++++ Data for processing

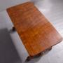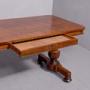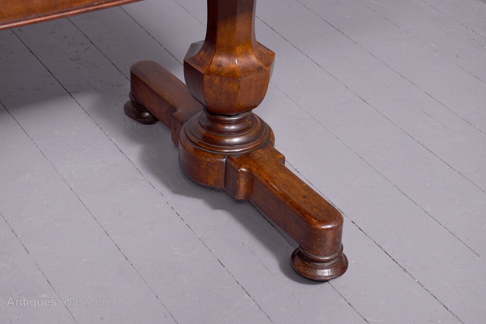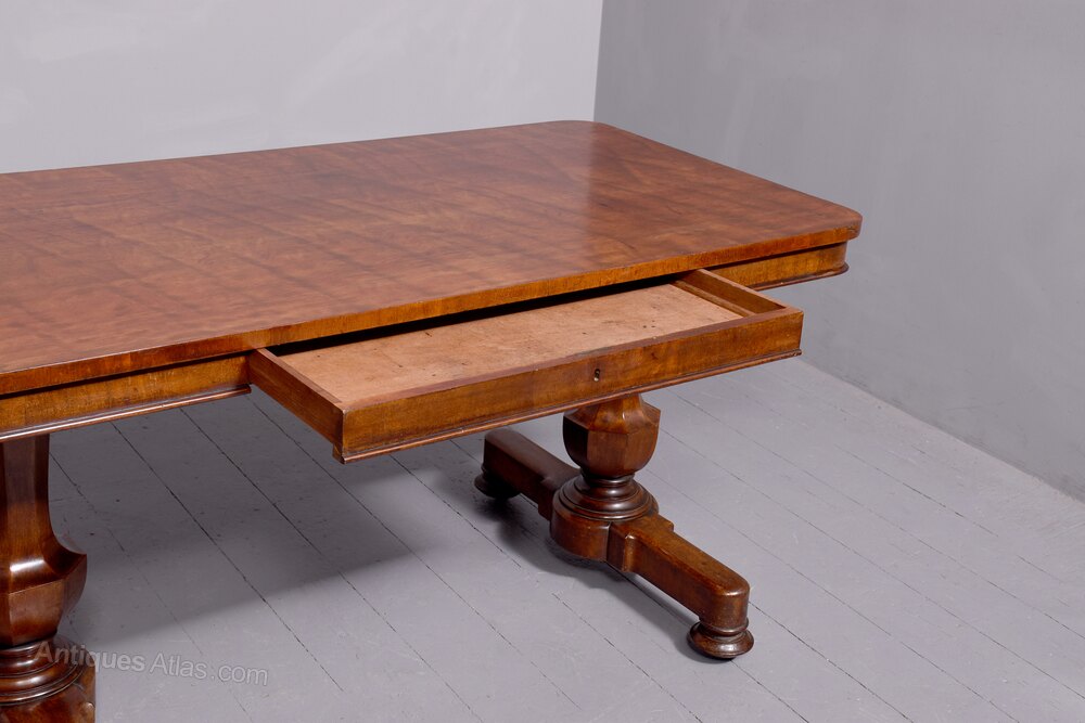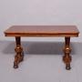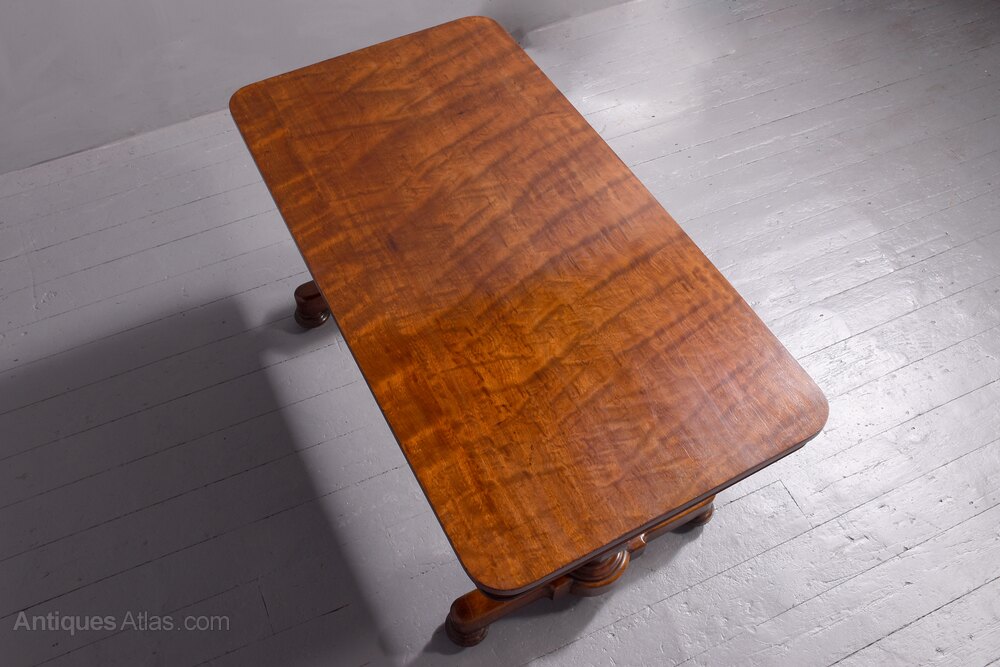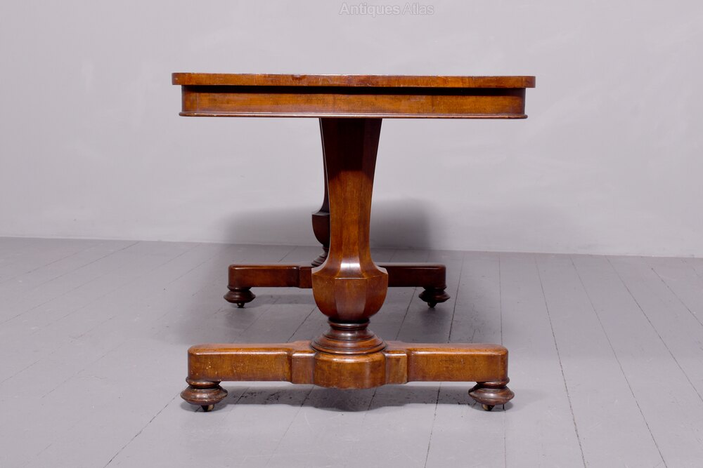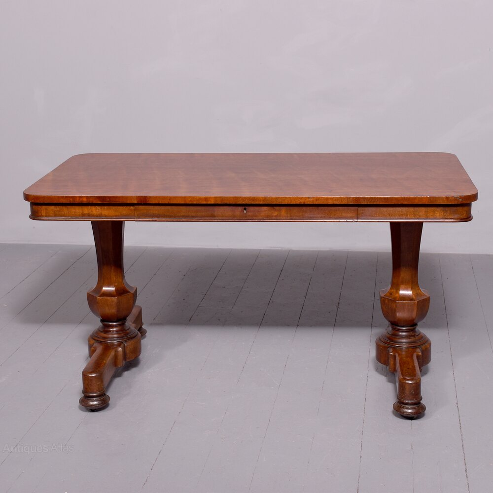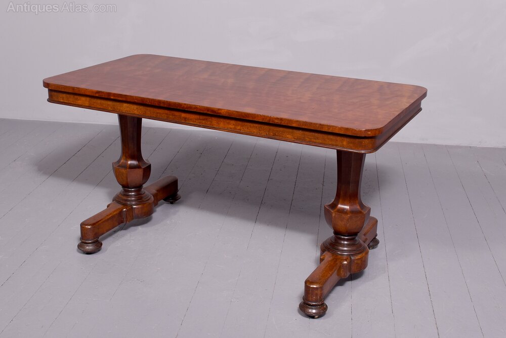Circa 1820. Quality Wiliam IV freestanding figured mahogany library table. The rectangular top with rounded corners in a beautiful plum pudding figured mahogany, with cross-banded fore-edges over a simple moulded frieze. Supported on two shaped octagonal stems over elongated platform bases on turned feet with hidden brass casters. Lovely colour and patina.74 cm High x 141 cm Wide x 71 Deep
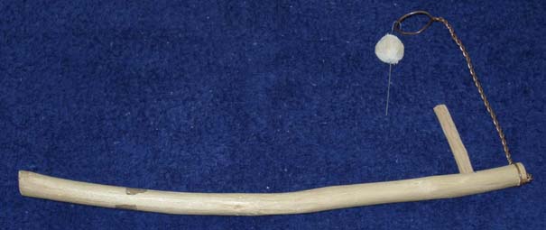 There are several references to this toy from both primary and secondary sources. A secondary source attributes it to a French toy named le pendu. In a macabre twist, the inspiration was said to be a body hanging from the gallows. In a bit lighter tone, in books from the 1850's and 1860's there is mention of suspending a pea on a stream of air. So the toy could have very easily have existed during the civil war period. To watch the toy in action is a lot easier than to descibe how to play with it. The play begins with the wire that extends below the pith ball is inserted in the vertical tube. The user then blows in the open end of the horizontal pipe and lifts the ball into the air with the goal of hooking a hook on top of the ball onto a wire loop (the copper wire contraption at the far right end of the toy in the picture. The secret of success is in blowing gently but evenly to slowly lift the pith ball up until the straight wire comes out of the vertical tube and the ball begins to spin. The hook can then be caught on the wire loop. If you have many children who want to play with the toy but you don't want everyone to be
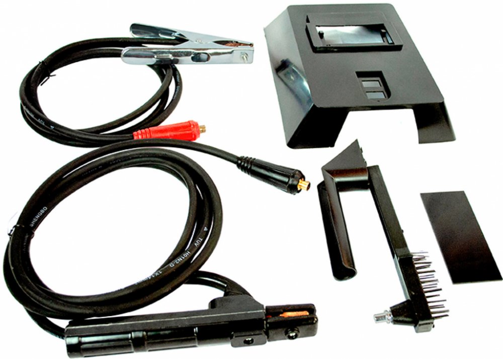 5. Kompletní balení pro okamžité použití: Součástí dodávky je svářečský štít, kabel s držákem elektrod, kabel se zemnícími kleštěmi a drátěný kartáč kombinovaný s kladivem na strusku.
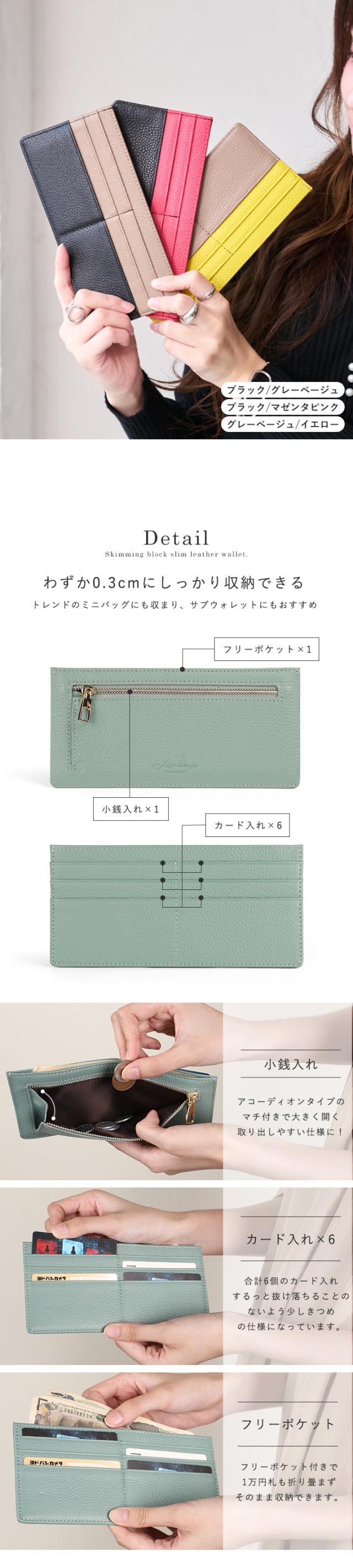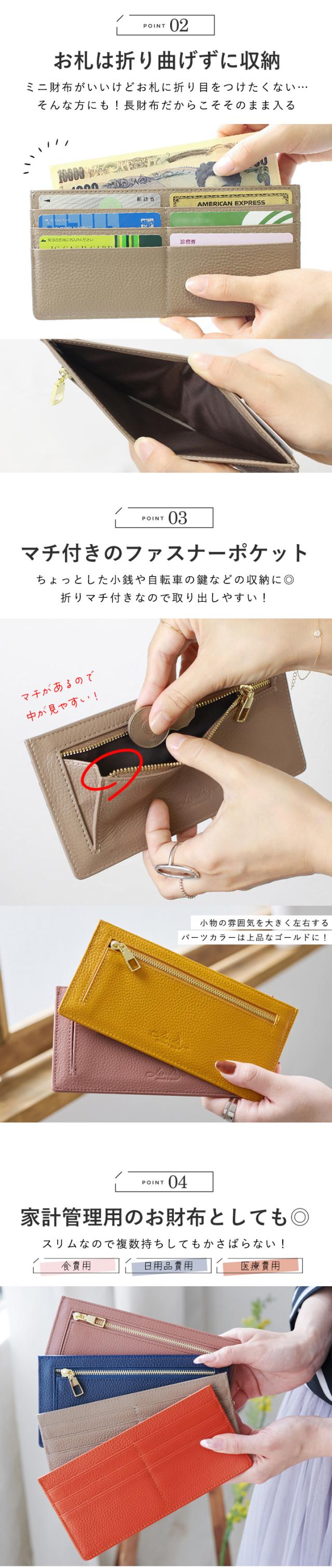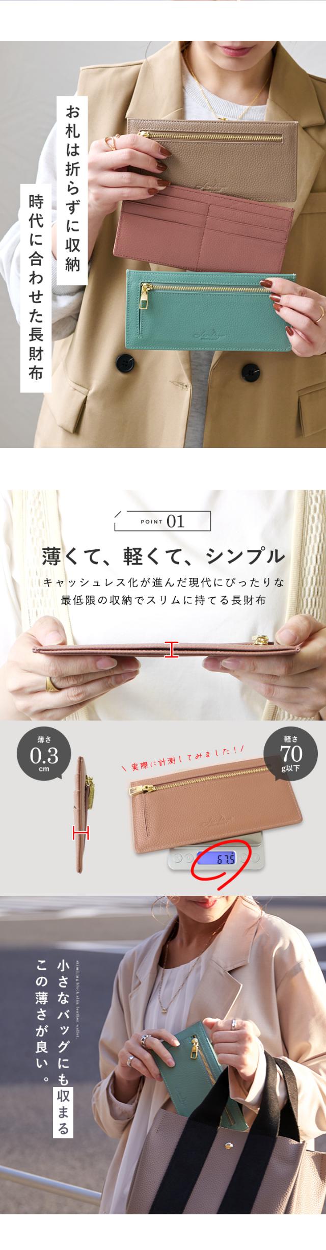 - バッグにスッキリ収まります。コインも、まちありファスナーポケットに沢山入り取出しやすいです。欲をいえばややお札のペース気持ち広ければ。でもあくまでもスリムで…良いと思います。
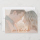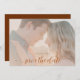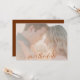 A soft blush overlay makes this simple, modern and effortlessly chic wedding photo save the date a nice choice for a fall wedding or for any couple with blush, soft pink, monochromatic beige or dusty pink colour schemes. A rust brown background on the back provides a nice contrast for the design.
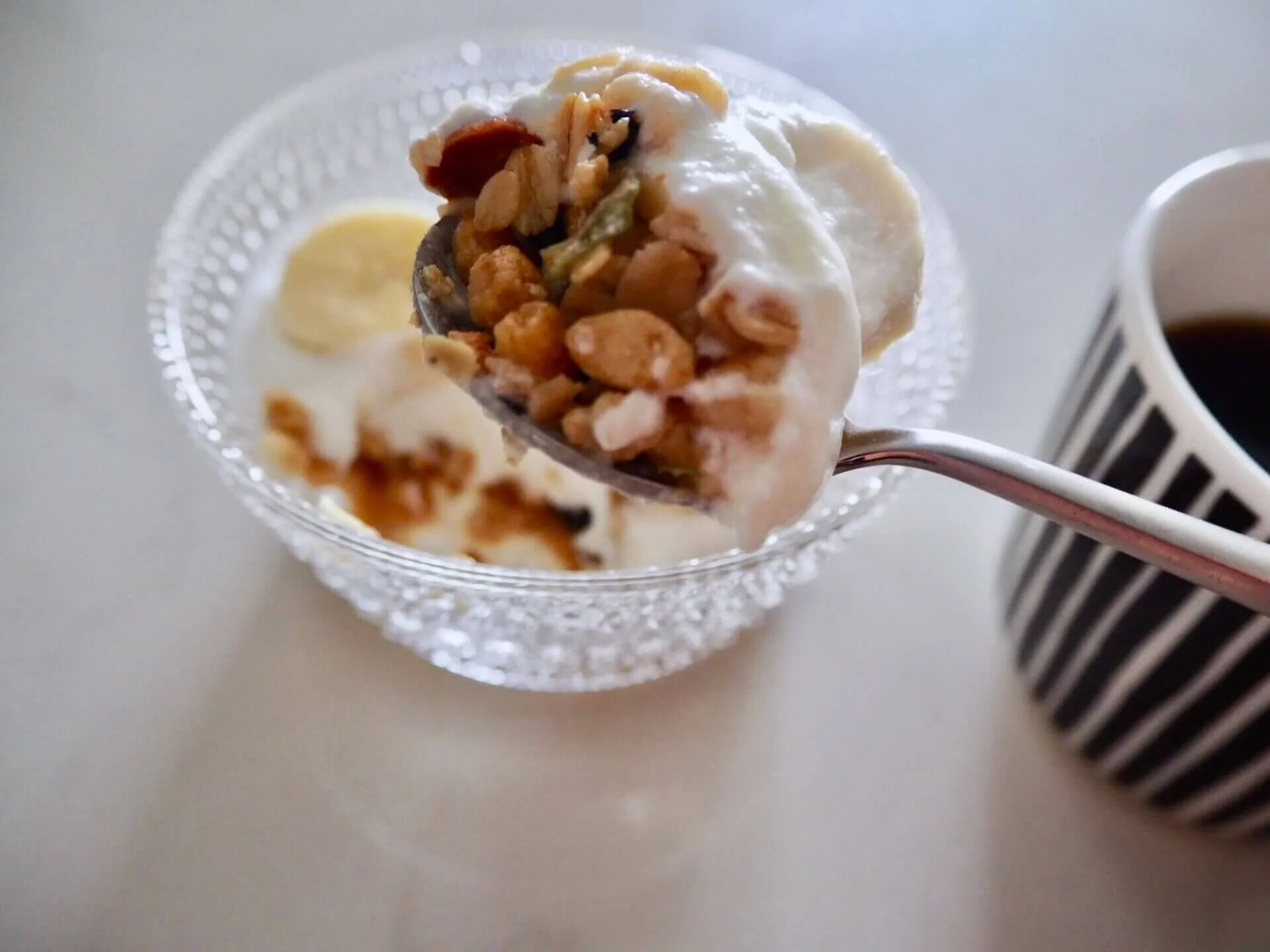 当たり前だけどヨーグルトと食べると牛乳よりも満腹感あるわー。
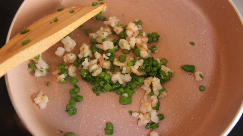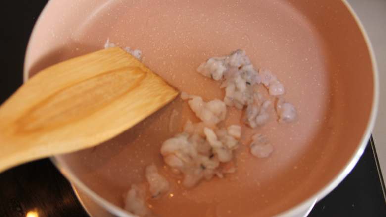 8. 虾仁切碎,加入锅中炒变色

++++++++

About this task
What is needed here is an exact transcription of every record above, with images excluded.

Solution for this exercise
Circa 1820. Quality Wiliam IV freestanding figured mahogany library table. The rectangular top with rounded corners in a beautiful plum pudding figured mahogany, with cross-banded fore-edges over a simple moulded frieze. Supported on two shaped octagonal stems over elongated platform bases on turned feet with hidden brass casters. Lovely colour and patina.74 cm High x 141 cm Wide x 71 Deep
 There are several references to this toy from both primary and secondary sources. A secondary source attributes it to a French toy named le pendu. In a macabre twist, the inspiration was said to be a body hanging from the gallows. In a bit lighter tone, in books from the 1850's and 1860's there is mention of suspending a pea on a stream of air. So the toy could have very easily have existed during the civil war period. To watch the toy in action is a lot easier than to descibe how to play with it. The play begins with the wire that extends below the pith ball is inserted in the vertical tube. The user then blows in the open end of the horizontal pipe and lifts the ball into the air with the goal of hooking a hook on top of the ball onto a wire loop (the copper wire contraption at the far right end of the toy in the picture. The secret of success is in blowing gently but evenly to slowly lift the pith ball up until the straight wire comes out of the vertical tube and the ball begins to spin. The hook can then be caught on the wire loop. If you have many children who want to play with the toy but you don't want everyone to be
 5. Kompletní balení pro okamžité použití: Součástí dodávky je svářečský štít, kabel s držákem elektrod, kabel se zemnícími kleštěmi a drátěný kartáč kombinovaný s kladivem na strusku.
 - バッグにスッキリ収まります。コインも、まちありファスナーポケットに沢山入り取出しやすいです。欲をいえばややお札のペース気持ち広ければ。でもあくまでもスリムで…良いと思います。
 A soft blush overlay makes this simple, modern and effortlessly chic wedding photo save the date a nice choice for a fall wedding or for any couple with blush, soft pink, monochromatic beige or dusty pink colour schemes. A rust brown background on the back provides a nice contrast for the design.
 当たり前だけどヨーグルトと食べると牛乳よりも満腹感あるわー。
 8. 虾仁切碎,加入锅中炒变色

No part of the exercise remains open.